DESCRIPTION OF THE TASK. Transcribe the listing below exactly, from its first line through the line with "Объект исследования:процесс исполнения". Omit the pictures.

COLLECTED DATA.
%%

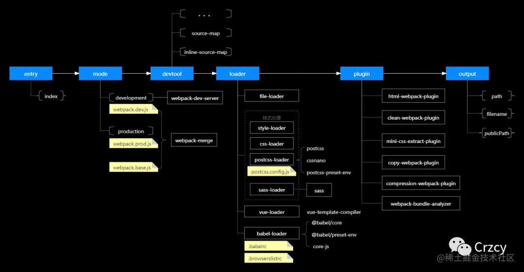 本文将通过介绍webpack的核心模块,让开发人员具备搭建脚手架的底层基础能力,并能快速上手。首先通过一张图看懂webpack的构建流程以及需要具备的核心知识点。
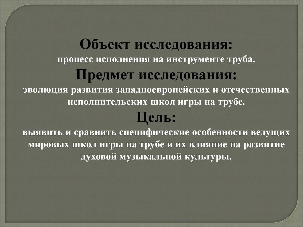 Объект исследования:процесс исполнения на инструменте труба.
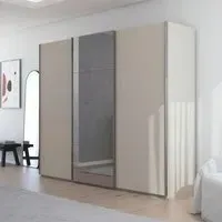 The Contido wardrobe offers generous storage with its 3-door sliding configuration, accented by mirrored surfaces that reflect light throughout the room. Its 271cm width accommodates extensive clothing collections, while the sliding doors operate smoothly without requiring swing space. The silk grey finish provides subtle elegance, and the extras enhance internal organization.

%%

OUTPUT OF THE TASK.
 本文将通过介绍webpack的核心模块,让开发人员具备搭建脚手架的底层基础能力,并能快速上手。首先通过一张图看懂webpack的构建流程以及需要具备的核心知识点。
 Объект исследования:процесс исполнения на инструменте труба.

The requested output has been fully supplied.